Here in the UK, Easter Monday is a public holiday, so we’ve got a bit of catching up to do. While we’ve been digging our gardens and planting things the world of medtech has moved on with a few updates on last week’s stories.
First up comes the news that three appeal court judges have, albeit not unanimously, agreed to stay the earlier reported decision to place an injunction on sales of Medtronic’s CoreValve in the U.S.A. The original piece, as we reported it last week, is here. Two of the three appeal judges clearly decided that an injunction was not in the interest of patients, while the third was swayed by the original instruction and Edwards’ agreement to allow continued sales of CoreValve to existing facilities, where patient interest was a consideration. To say there’s bad blood flowing is sounding like an understatement however. Not only was the judge who made the original ruling,Gregory Sleet of the U.S. District Court for Delaware, unimpressed by Medtronic’s decision to appeal his decision, but Edwards Lifesciences too has decried the scare tactics used in arguing for a stay. Medtronic meanwhile says it is trying to find a workable solution that a near-term solution that addresses patient interest completely, but not one that “selectively and arbitrarily controls who has access to a device they need and who does not, regardless of where they live in the United States.”

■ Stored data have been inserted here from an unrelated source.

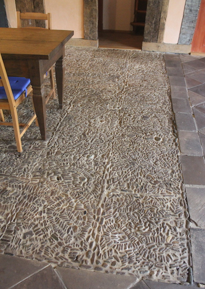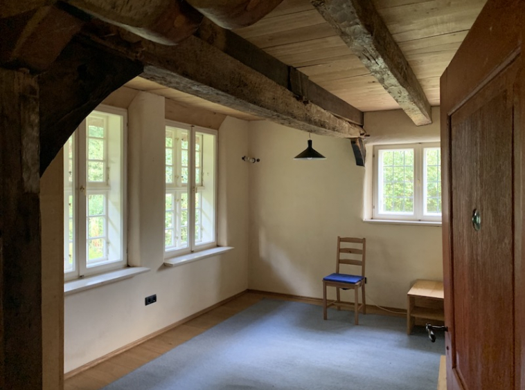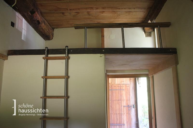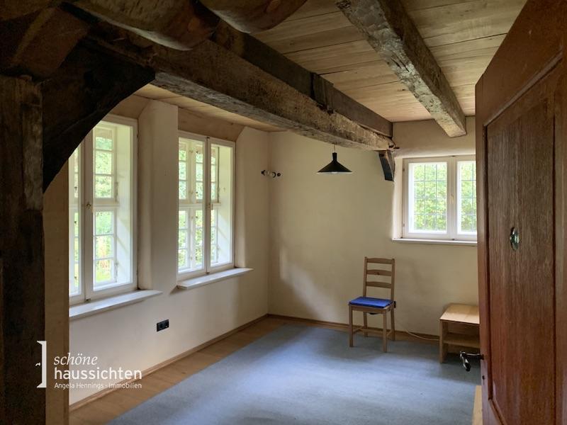 An der Stirnseite des Hauses befinden sich drei Stuben mit jeweils 15, 13 und 11 m² Wohnfläche. Über eine Holztreppe erreichen Sie im Obergeschoss einen weiteren Raum mit einer Größe von ca. 30 m² mit einem angeschlossenen Abstellraum. Die völlig baubiologisch aufgebauten Fußböden sind im Erdgeschoss mit Eichendielen belegt, im Obergeschoss sind die Dielen aus Lärchenholz.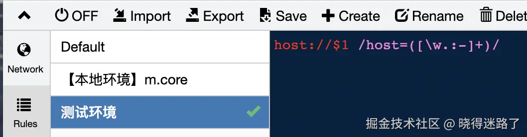 可以看到这个插件主要用到了 jsPrepend 在 html 中引入调试工具。whistle.inspect 插件安装完成后,就可以在 Rules 中配置规则。
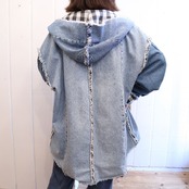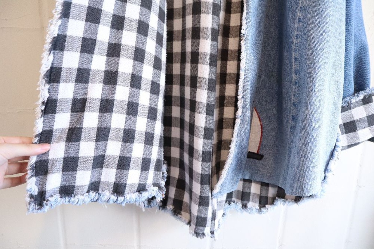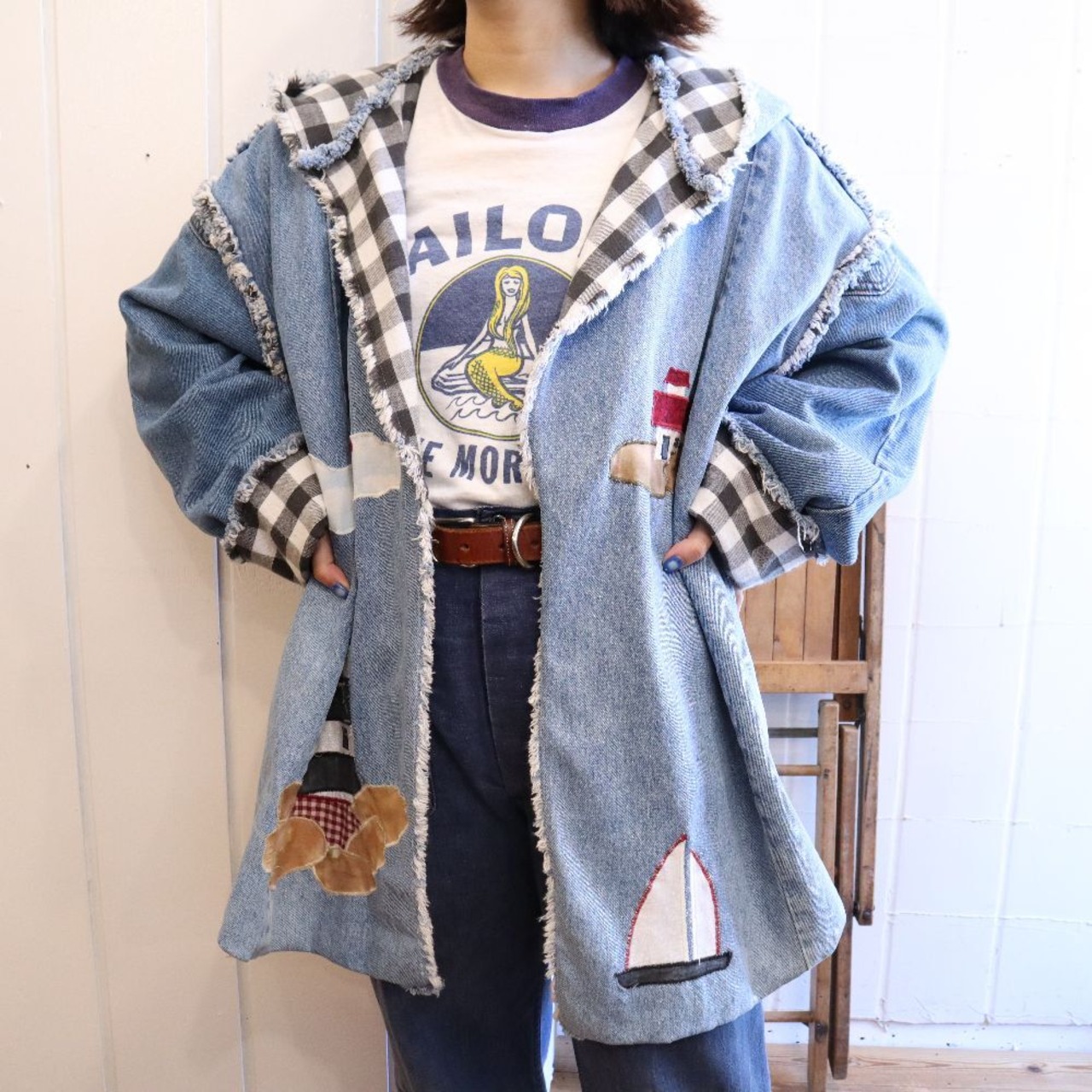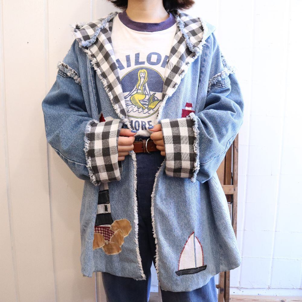 blue×black×white lighthouse patch reversible denim jacket [l-1281]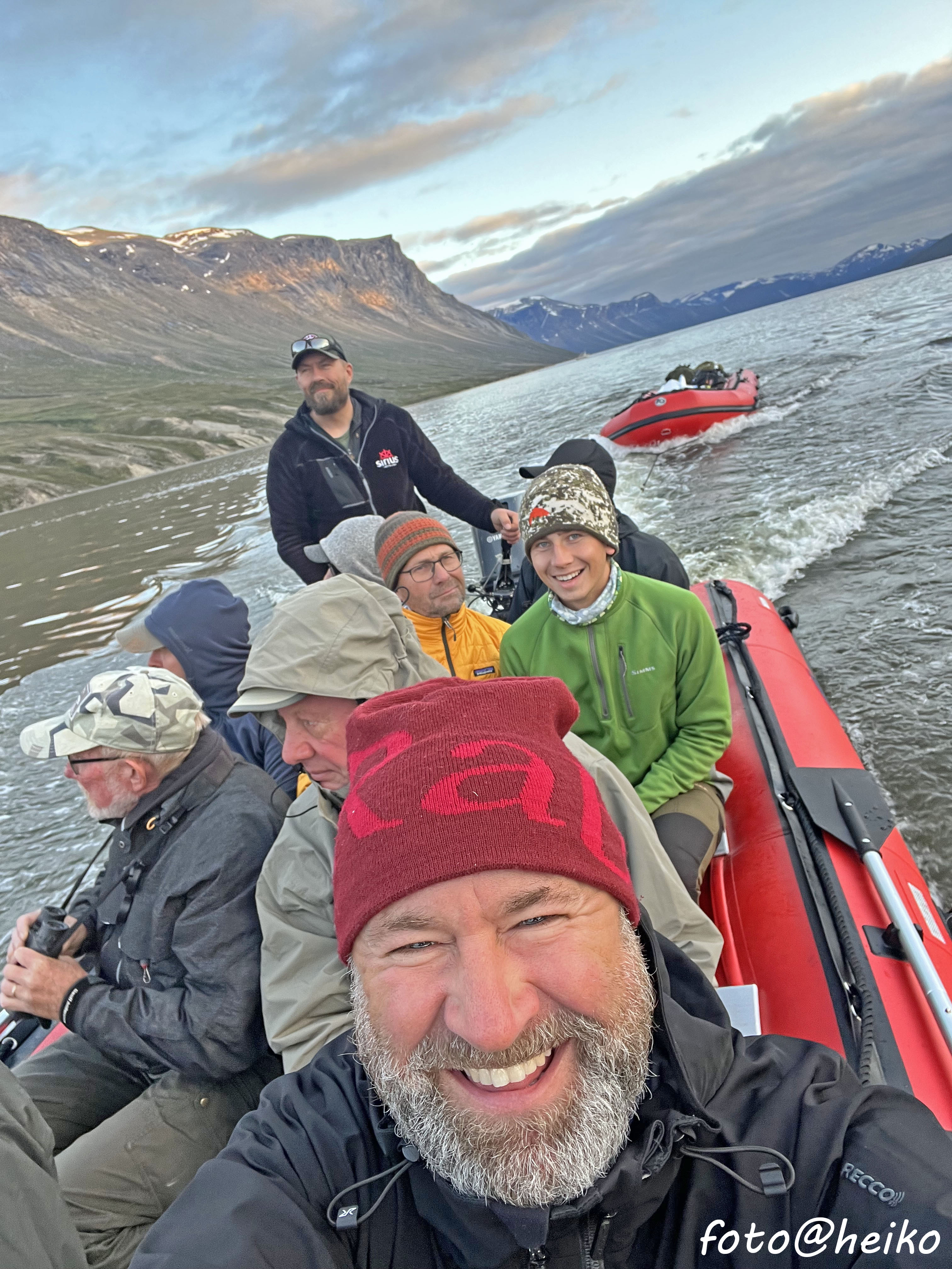 Etter en god frokost med info om at Sirius kom å hentet oss ca 15:00, ble den en absolutt avslappende dag. Null stress og oppgaven var kun å rydde ut av teltet og gjøre det rent! Returen ut fra Camp North, ble da den nye gruppen ble satt i land etter at tidevannet gjorde det mulig å komme opp elven og inn til land. På det høyeste er det ca 4,5m tidevann her oppe på Grønland, så stor forskjell til Sandefjord.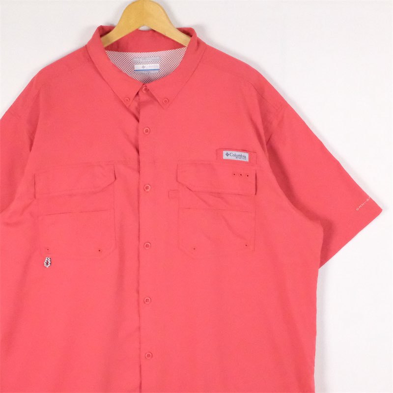 - 古着 大きいサイズ コロンビア PFG 半袖フィッシングシャツ メンズUS-XXLサイズ 無地 赤 レッド系 tn-1762n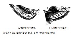 松散沉積物含水層之間的黏性土層,并不完全隔水,且具有微透水性。具有一定水頭 差的相鄰含水層,通過弱透水層發(fā)生的滲透,稱為越流。顯然,隔水層越薄,隔水性越差, 相鄰含水層之間的水頭差越大,則越流補(bǔ)給量越大。盡管單位面積上的越流量通常很小, 由于越流是在弱透水層分布的整個范圍內(nèi)發(fā)生,總的補(bǔ)給量也是相當(dāng)可觀的。
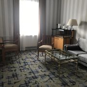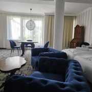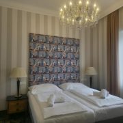Belső udvarra néző 68 m2-es megújult elnöki lakosztály. A szobában külön tágas nappali ülősarokkal és étkező asztallal, és háló rész található franciaággyal. A nagyméretű fürdőszoba káddal és tusolóval egyaránt felszerelt.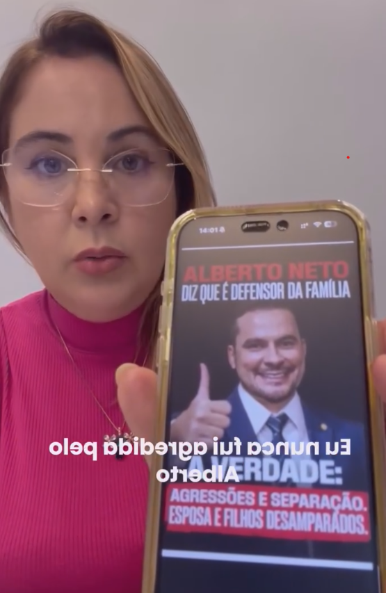 Em vídeo publicado em uma rede social, Debora reagiu a um conteúdo que classificou como falso. O material sugeria que Alberto Neto praticou violência doméstica e deixou a família desamparada. “Fui vítima de injúria e de uma enxurrada de mentiras proferidas pelo pessoal do atual prefeito de Manaus”, disse a ex-esposa do político. Veja a publicação: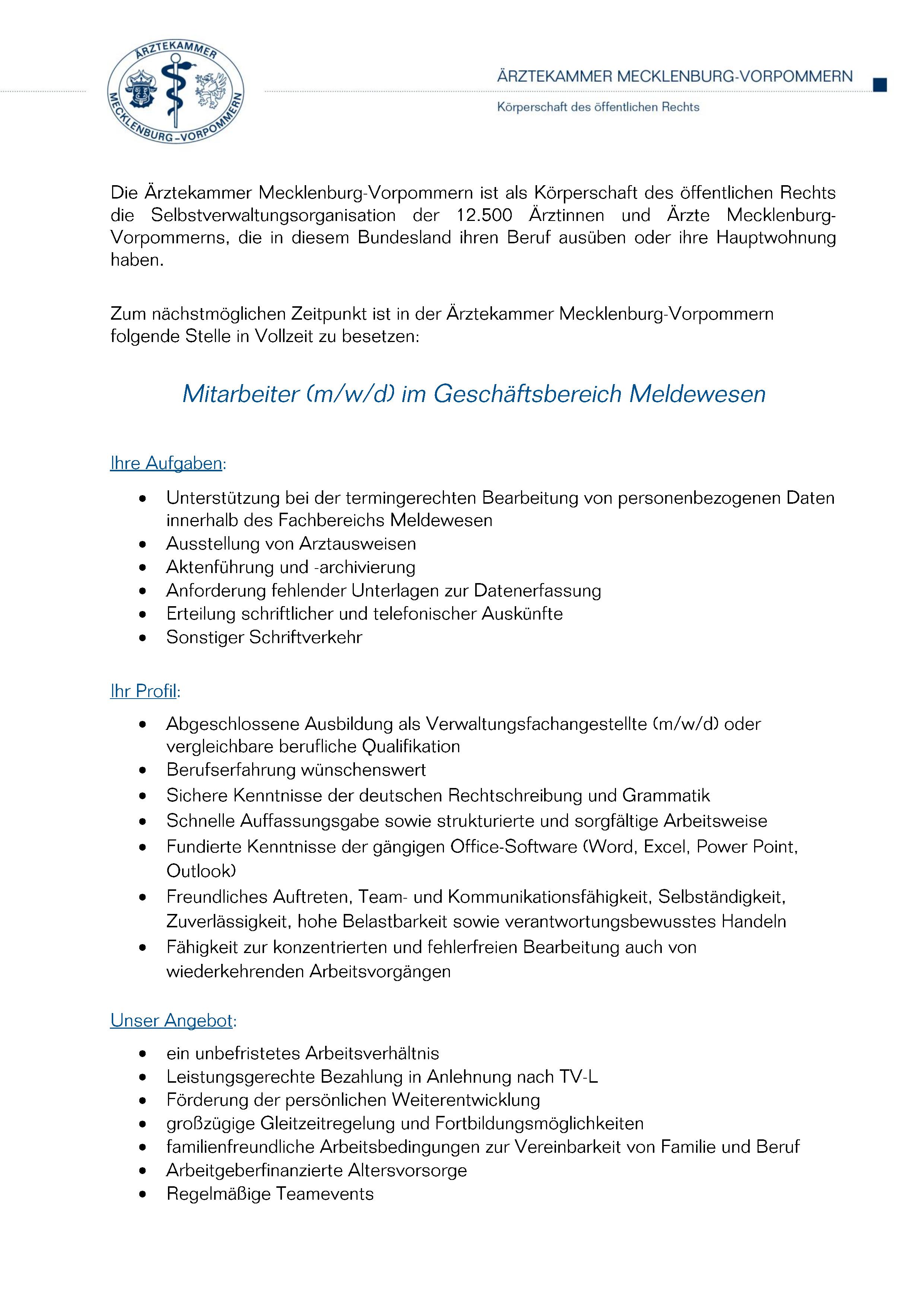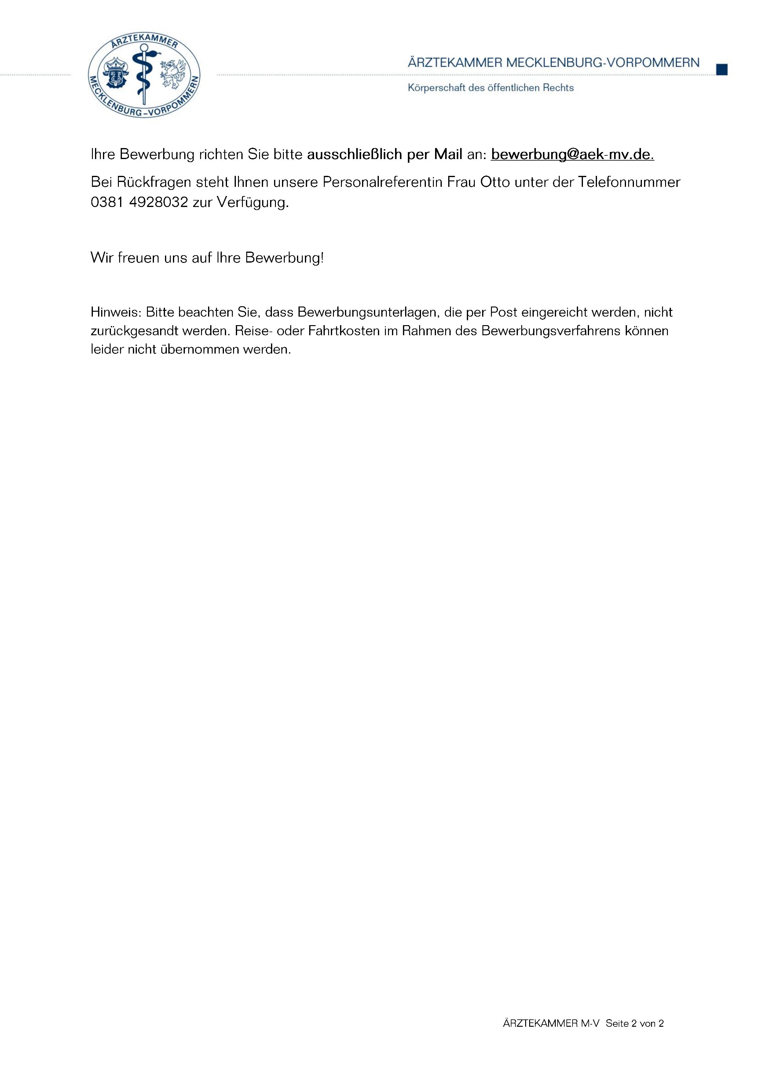 Bitte senden Sie Ihre Bewerbungsunterlagen ausschließlich per E-Mail an: bewerbung@aek-mv.de.

The intractability of the situation is only heightened by the retort from Edwards CEO Mike Mussallem who’s clearly of the view that his company is being more than reasonable in the face of a clear infringement of its intellectual property. In a letter to clinicians he said; “In spite of the violations of our intellectual property, we are not seeking a total ban on CoreValve sales, because we understand the implications that could have for patients and physicians,” Mussallem wrote. “In fact, we put forward multiple offers, in court and directly to Medtronic, that would allow patients to continue to be treated with CoreValve. But, unfortunately, they have refused these offers. We encourage Medtronic to accept our standing offer to enable use of CoreValve at U.S. hospitals where it is commercially available today.”
In other news, following Covidien’s voluntary recall of its Pipeline and Alligator neurovascular devices, for reason of potential PTFE coating delamination, the FDA has now issued its own recall and deemed it Class I. Class I is the FDA’s most serious category of recall, reserved for “situations in which there is a reasonable probability that use of these products will cause serious adverse health consequences or death.”